Top of PROVIDED MATERIAL

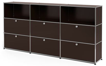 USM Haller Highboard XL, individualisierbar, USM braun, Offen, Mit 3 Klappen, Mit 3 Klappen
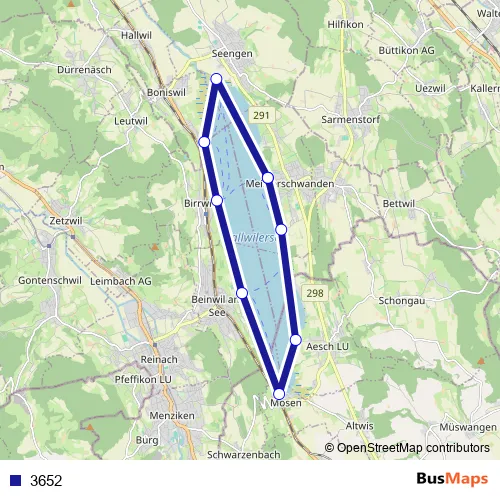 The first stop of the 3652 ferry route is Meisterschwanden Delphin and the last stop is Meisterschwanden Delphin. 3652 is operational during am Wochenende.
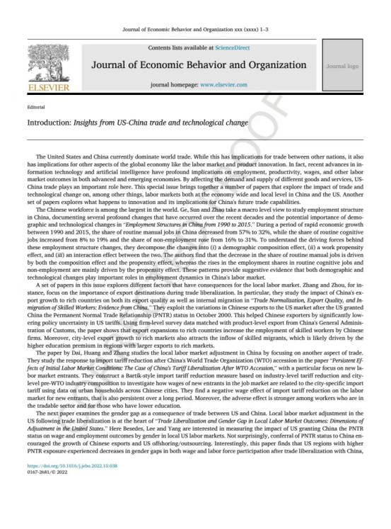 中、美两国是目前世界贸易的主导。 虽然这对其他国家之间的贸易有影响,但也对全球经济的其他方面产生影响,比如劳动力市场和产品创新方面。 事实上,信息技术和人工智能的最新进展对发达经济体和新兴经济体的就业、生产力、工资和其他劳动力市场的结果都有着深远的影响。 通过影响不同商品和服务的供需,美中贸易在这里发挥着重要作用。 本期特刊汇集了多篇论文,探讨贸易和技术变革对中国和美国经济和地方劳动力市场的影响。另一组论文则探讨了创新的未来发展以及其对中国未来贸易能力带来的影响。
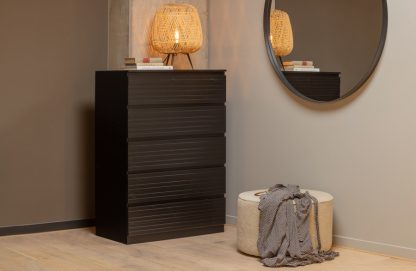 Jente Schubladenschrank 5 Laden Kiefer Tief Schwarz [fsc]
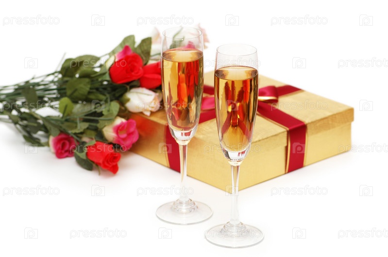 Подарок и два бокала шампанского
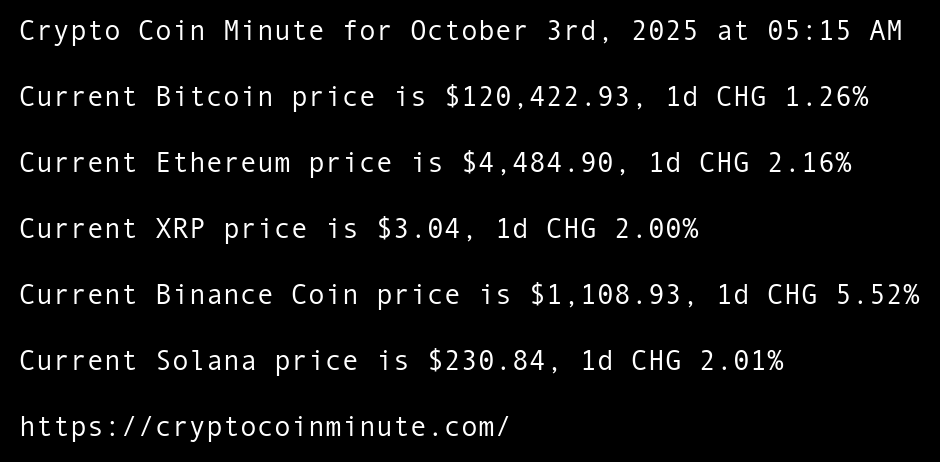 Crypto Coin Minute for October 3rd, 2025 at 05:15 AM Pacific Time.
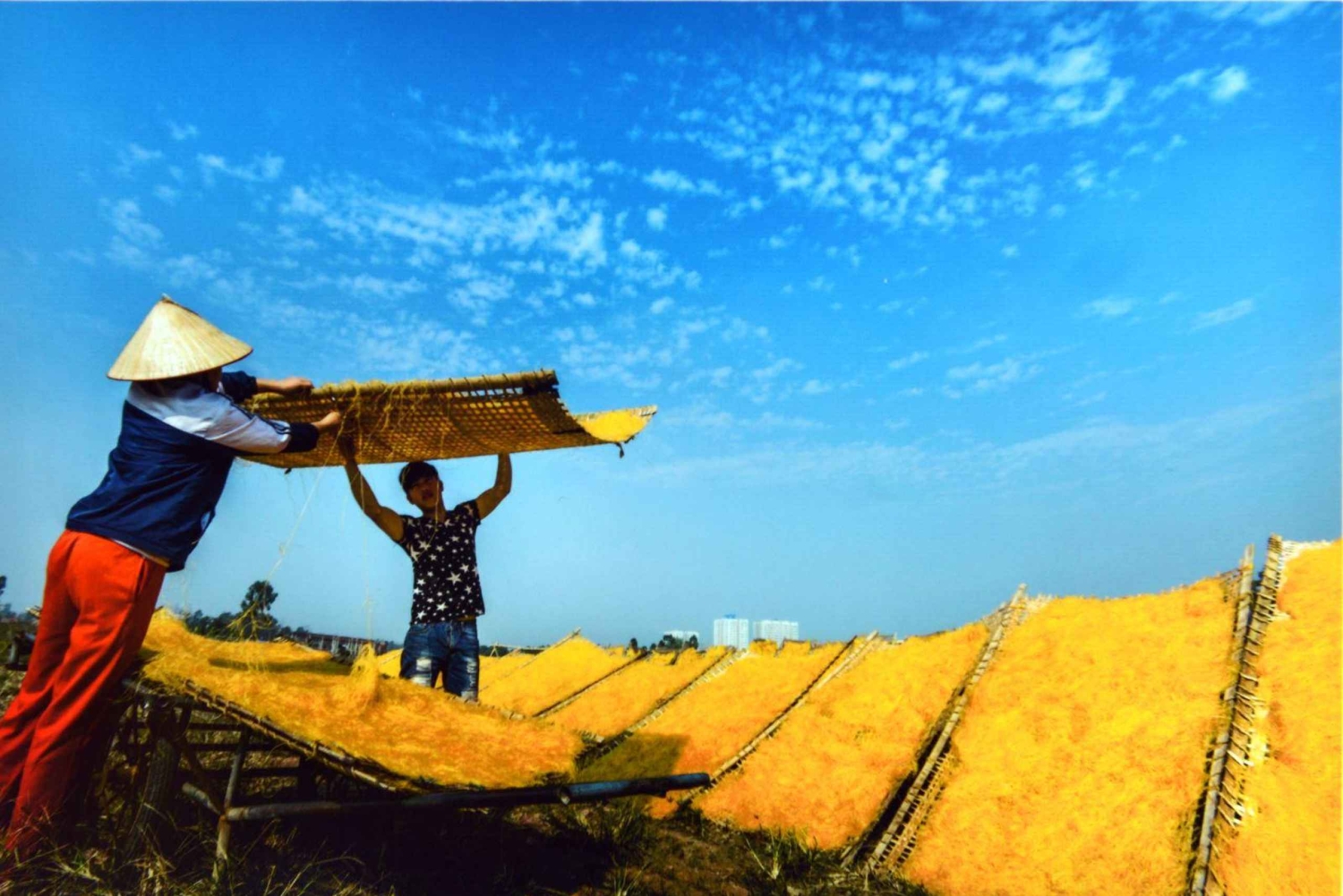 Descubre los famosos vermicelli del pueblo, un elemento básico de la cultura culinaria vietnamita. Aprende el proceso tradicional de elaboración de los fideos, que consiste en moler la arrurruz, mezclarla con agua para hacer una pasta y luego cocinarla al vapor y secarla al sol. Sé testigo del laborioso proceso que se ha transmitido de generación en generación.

Bottom of PROVIDED MATERIAL
Top of PROVIDED MATERIAL

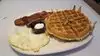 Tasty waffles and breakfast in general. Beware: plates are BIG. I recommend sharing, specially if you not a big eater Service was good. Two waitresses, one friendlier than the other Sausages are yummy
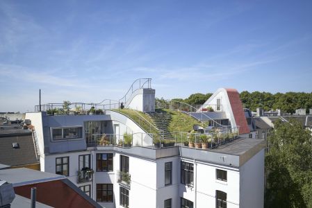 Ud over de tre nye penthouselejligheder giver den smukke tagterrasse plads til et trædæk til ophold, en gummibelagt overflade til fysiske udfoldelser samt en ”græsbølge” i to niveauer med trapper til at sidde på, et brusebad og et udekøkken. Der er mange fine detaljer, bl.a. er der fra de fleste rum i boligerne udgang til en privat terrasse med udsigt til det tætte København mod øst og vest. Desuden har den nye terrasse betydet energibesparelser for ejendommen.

Bottom of PROVIDED MATERIAL

_ACTIVITY_
Could the stretch from the line with "USM Haller Highboard" through the line with "Подарок и два бокала шампанского" in the listing above be restated word for word, minus the pictures?

_TASK RESPONSE_
 USM Haller Highboard XL, individualisierbar, USM braun, Offen, Mit 3 Klappen, Mit 3 Klappen
 The first stop of the 3652 ferry route is Meisterschwanden Delphin and the last stop is Meisterschwanden Delphin. 3652 is operational during am Wochenende.
 中、美两国是目前世界贸易的主导。 虽然这对其他国家之间的贸易有影响,但也对全球经济的其他方面产生影响,比如劳动力市场和产品创新方面。 事实上,信息技术和人工智能的最新进展对发达经济体和新兴经济体的就业、生产力、工资和其他劳动力市场的结果都有着深远的影响。 通过影响不同商品和服务的供需,美中贸易在这里发挥着重要作用。 本期特刊汇集了多篇论文,探讨贸易和技术变革对中国和美国经济和地方劳动力市场的影响。另一组论文则探讨了创新的未来发展以及其对中国未来贸易能力带来的影响。
 Jente Schubladenschrank 5 Laden Kiefer Tief Schwarz [fsc]
 Подарок и два бокала шампанского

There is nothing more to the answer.